LOCUSONLINE, RAJA AMPAT – Sejumlah aktivis lingkungan dan pakar hukum mendesak aparat penegak hukum dan Kementerian Lingkungan Hidup untuk turut mengusut dugaan pelanggaran pidana oleh PT Gag Nikel di Kabupaten Raja Ampat, Papua Barat Daya. Desakan itu muncul setelah pemerintah hanya mencabut izin usaha pertambangan (IUP) empat dari lima perusahaan tambang nikel yang beroperasi di wilayah kepulauan tersebut. Sabtu, 14 Juni 2025
Wahana Lingkungan Hidup Indonesia (Walhi) menilai seluruh perusahaan yang menambang di pulau-pulau kecil, termasuk PT Gag Nikel, melanggar Undang-Undang Nomor 27 Tahun 2007 tentang Perlindungan Wilayah Pesisir dan Pulau-pulau Kecil (UU PWP3K), khususnya Pasal 35 yang melarang penambangan di wilayah yang berisiko merusak lingkungan. “Jika merujuk pada regulasi yang berlaku, aktivitas tambang di pulau kecil seharusnya tidak dibenarkan,” kata Manajer Kampanye Hukum dan Pembelaan Walhi, Teo Reffelsen, Kamis (12/6/2025).
Kelima perusahaan yang mengantongi konsesi tambang di kawasan Raja Ampat itu adalah PT Kawei Sejahtera Mining, PT Mulia Raymond Perkasa, PT Anugerah Surya Pratama, PT Nurham, dan PT Gag Nikel. Pemerintah baru mencabut izin empat perusahaan, sementara PT Gag Nikel tetap diizinkan beroperasi.
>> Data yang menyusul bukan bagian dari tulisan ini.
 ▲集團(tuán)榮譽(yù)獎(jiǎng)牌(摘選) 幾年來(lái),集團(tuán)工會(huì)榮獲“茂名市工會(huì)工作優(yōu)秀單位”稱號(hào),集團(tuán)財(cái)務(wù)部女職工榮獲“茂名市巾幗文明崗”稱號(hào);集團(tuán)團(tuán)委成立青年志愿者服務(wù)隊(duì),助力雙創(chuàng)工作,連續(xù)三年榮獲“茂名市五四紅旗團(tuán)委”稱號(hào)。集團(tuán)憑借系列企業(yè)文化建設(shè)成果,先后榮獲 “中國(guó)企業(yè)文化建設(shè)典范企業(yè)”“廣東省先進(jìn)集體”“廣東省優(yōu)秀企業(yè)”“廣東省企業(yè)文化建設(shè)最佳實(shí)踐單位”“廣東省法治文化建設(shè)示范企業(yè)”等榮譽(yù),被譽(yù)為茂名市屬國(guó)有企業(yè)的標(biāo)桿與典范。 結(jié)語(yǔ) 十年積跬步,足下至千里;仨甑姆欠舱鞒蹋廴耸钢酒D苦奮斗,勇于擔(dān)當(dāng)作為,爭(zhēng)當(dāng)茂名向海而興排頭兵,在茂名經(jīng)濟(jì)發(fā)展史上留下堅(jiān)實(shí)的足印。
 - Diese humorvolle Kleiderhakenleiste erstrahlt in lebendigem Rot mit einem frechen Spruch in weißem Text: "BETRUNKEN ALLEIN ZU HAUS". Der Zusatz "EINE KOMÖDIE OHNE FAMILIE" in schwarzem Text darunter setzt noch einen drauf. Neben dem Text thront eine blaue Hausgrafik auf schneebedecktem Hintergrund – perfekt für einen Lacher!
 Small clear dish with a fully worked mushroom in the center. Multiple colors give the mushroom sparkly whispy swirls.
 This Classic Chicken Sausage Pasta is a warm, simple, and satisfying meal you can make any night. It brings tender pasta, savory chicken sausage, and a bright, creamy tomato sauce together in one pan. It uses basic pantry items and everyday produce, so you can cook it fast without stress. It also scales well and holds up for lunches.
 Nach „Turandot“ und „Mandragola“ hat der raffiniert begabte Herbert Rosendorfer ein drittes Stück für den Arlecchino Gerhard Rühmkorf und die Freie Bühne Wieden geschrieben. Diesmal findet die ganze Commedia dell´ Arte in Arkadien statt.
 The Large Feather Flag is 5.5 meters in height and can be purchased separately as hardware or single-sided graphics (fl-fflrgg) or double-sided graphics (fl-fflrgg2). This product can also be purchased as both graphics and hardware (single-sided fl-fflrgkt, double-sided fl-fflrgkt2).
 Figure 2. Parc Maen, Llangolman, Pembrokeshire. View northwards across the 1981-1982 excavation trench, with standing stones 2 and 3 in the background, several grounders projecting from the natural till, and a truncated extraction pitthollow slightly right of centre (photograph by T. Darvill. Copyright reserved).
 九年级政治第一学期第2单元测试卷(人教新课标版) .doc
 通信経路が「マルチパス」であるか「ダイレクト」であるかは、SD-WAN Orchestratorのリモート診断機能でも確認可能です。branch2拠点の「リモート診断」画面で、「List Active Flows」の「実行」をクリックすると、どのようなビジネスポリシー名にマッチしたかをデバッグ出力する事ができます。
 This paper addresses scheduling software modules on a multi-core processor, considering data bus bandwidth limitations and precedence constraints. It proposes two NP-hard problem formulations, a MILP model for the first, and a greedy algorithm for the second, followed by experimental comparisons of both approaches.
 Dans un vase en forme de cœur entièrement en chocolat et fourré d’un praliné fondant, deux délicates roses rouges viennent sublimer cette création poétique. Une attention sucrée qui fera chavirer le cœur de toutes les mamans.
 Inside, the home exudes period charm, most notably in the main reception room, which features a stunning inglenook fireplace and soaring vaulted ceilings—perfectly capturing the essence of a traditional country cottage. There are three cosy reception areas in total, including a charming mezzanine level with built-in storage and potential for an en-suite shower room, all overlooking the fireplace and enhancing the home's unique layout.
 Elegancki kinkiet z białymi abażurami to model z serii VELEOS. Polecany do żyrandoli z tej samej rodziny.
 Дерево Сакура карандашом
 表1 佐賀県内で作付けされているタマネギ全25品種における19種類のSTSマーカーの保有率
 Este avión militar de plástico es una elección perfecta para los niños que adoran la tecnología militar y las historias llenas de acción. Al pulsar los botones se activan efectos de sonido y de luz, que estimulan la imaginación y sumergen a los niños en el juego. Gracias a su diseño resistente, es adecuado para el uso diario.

Menteri Energi dan Sumber Daya Mineral (ESDM) Bahlil Lahadalia menyatakan bahwa PT Gag Nikel tidak terbukti melakukan pelanggaran, baik dari sisi lingkungan maupun perizinan. Ia menegaskan bahwa perusahaan yang sebagian sahamnya dimiliki oleh PT Aneka Tambang (Antam) itu telah mengantongi dokumen amdal dan mengikuti ketentuan pengelolaan limbah. “Sesuai dengan arahan Presiden, aktivitasnya tetap kami awasi. Sampai saat ini, tidak ditemukan pelanggaran,” ujar Bahlil di Jakarta, Selasa (10/6).